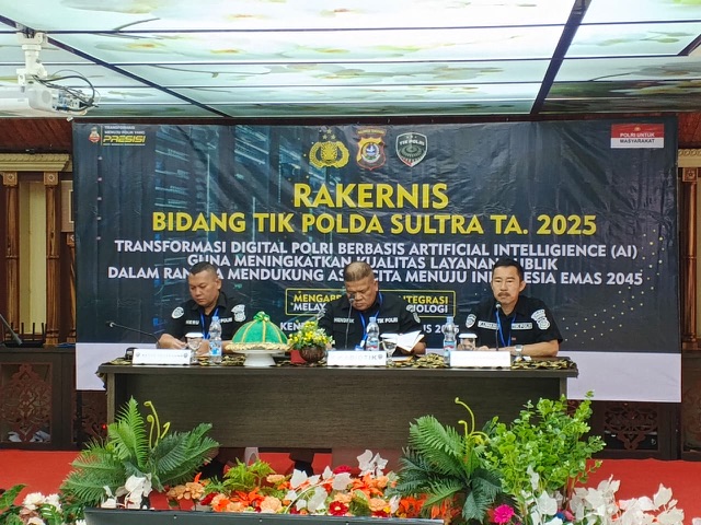 Deliksultra.com, Kendari – Kepolisian Daerah (Polda) Sulawesi Tenggara (Sultra) melalui Bidang Teknologi Informasi dan Komunikasi (TIK) menyelenggarakan Rapat Kerja Teknis (Rakernis) Tahun Anggaran 2025 pada Kamis (21/8/2025) pukul 08.00 WITA di Hotel Kubah 9, Kendari. Kegiatan ini mengusung tema *“Transformasi Digital Polri Berbasis Artificial Intelligence (AI) Guna Meningkatkan Kualitas Layanan Publik dalam Rangka Mendukung Asta Cita Menuju Indonesia Emas 2045”*.
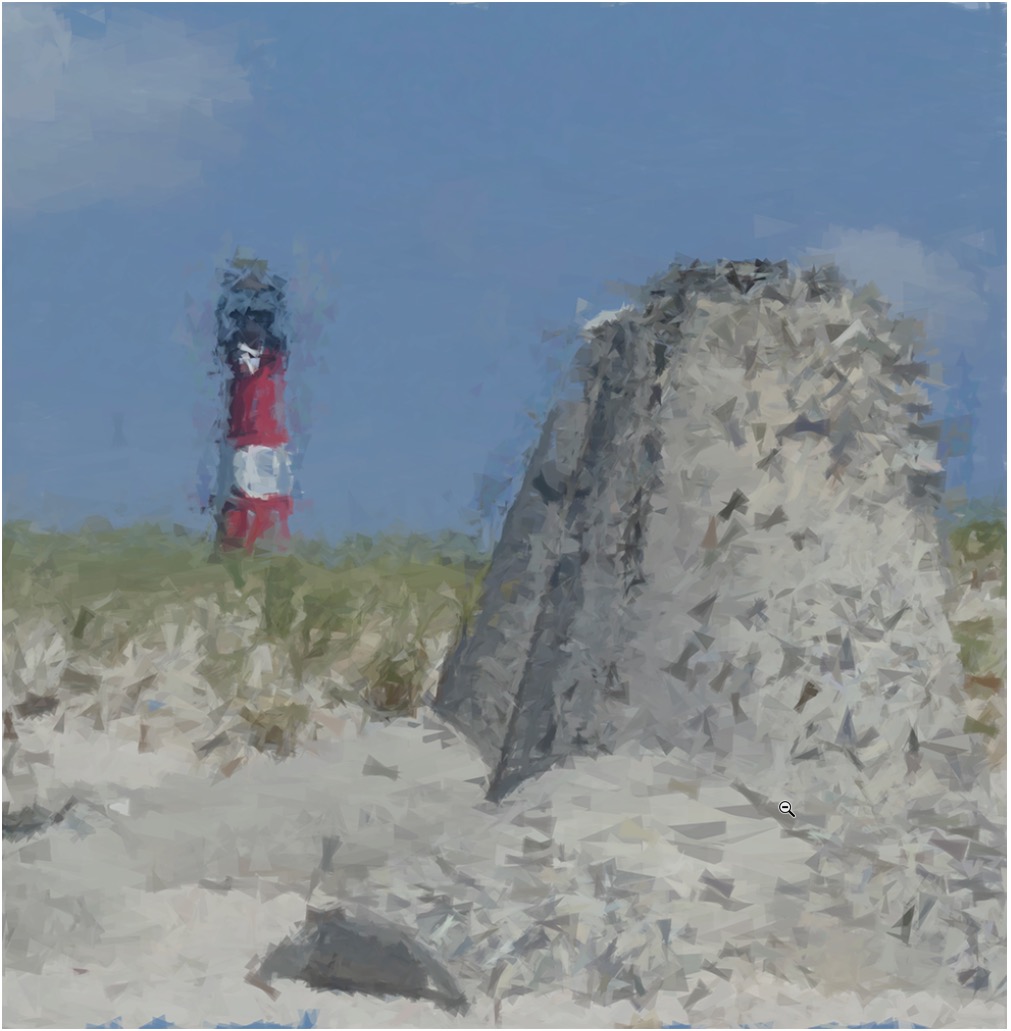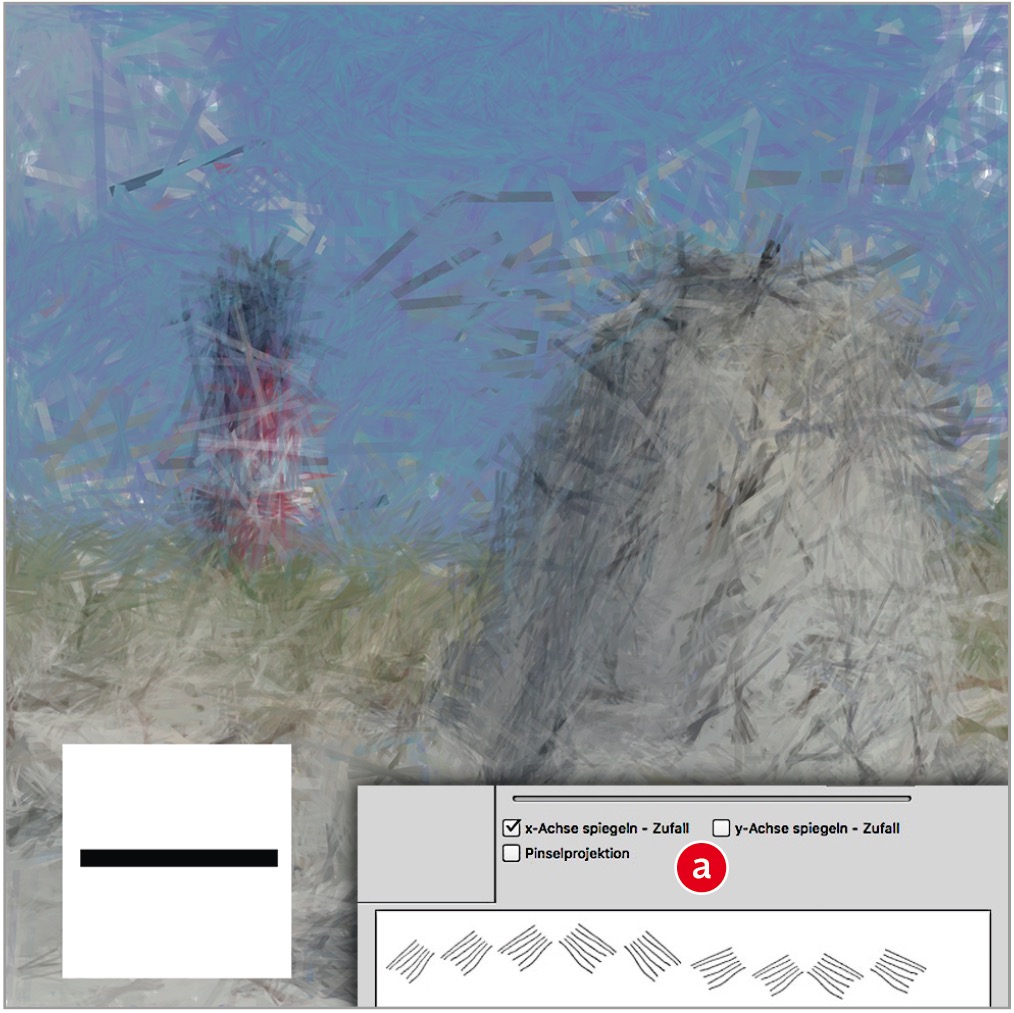 Ich hatte in den bisherigen Schritten ein Dreieck als Werkzeugspitze gewählt, ähnlich wie bei der Palmwedel-Umsetzung von Geometrize. Selbstverständlich steht Ihnen für den »Musterstempel« jede beliebige Spitze zur Verfügung. Bei „freien“ Werkzeugspitzen erzielen Sie eine größere Variation, wenn Sie unter »Formeigenschaften« zufallsgesteuertes Spiegeln der x- und/oder y-Achsen zulassen (a) – bei einem Strich natürlich nicht.
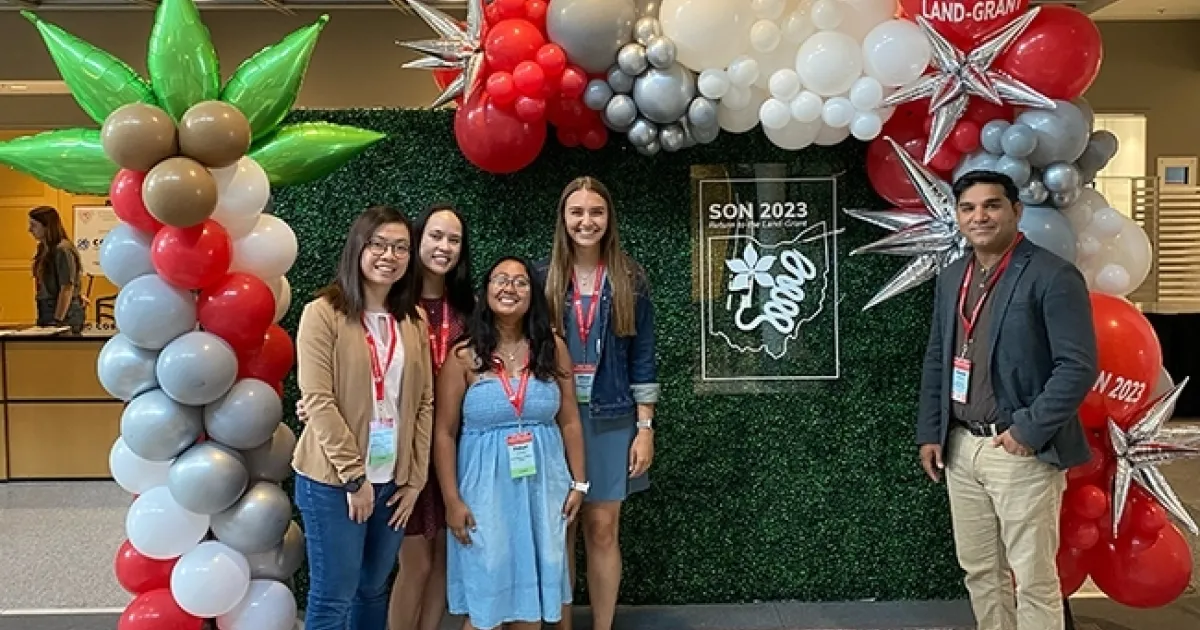 The UC Davis Shahid Siddique lab excelled at the international Society of Nematologists' 62nd annual meeting, held in Columbus, Ohio. Pictured with Siddique are doctoral students in his lab. From left are Ching-Jung Lin, Veronica Casey, Pallavi Shakya and Alison Coomer Blundell, all award winners.

▶ **Task item**: Reproduce the preceding material exactly, skipping pictures.

▶ **Task answer**:
 Deliksultra.com, Kendari – Kepolisian Daerah (Polda) Sulawesi Tenggara (Sultra) melalui Bidang Teknologi Informasi dan Komunikasi (TIK) menyelenggarakan Rapat Kerja Teknis (Rakernis) Tahun Anggaran 2025 pada Kamis (21/8/2025) pukul 08.00 WITA di Hotel Kubah 9, Kendari. Kegiatan ini mengusung tema *“Transformasi Digital Polri Berbasis Artificial Intelligence (AI) Guna Meningkatkan Kualitas Layanan Publik dalam Rangka Mendukung Asta Cita Menuju Indonesia Emas 2045”*.
 Ich hatte in den bisherigen Schritten ein Dreieck als Werkzeugspitze gewählt, ähnlich wie bei der Palmwedel-Umsetzung von Geometrize. Selbstverständlich steht Ihnen für den »Musterstempel« jede beliebige Spitze zur Verfügung. Bei „freien“ Werkzeugspitzen erzielen Sie eine größere Variation, wenn Sie unter »Formeigenschaften« zufallsgesteuertes Spiegeln der x- und/oder y-Achsen zulassen (a) – bei einem Strich natürlich nicht.
 The UC Davis Shahid Siddique lab excelled at the international Society of Nematologists' 62nd annual meeting, held in Columbus, Ohio. Pictured with Siddique are doctoral students in his lab. From left are Ching-Jung Lin, Veronica Casey, Pallavi Shakya and Alison Coomer Blundell, all award winners.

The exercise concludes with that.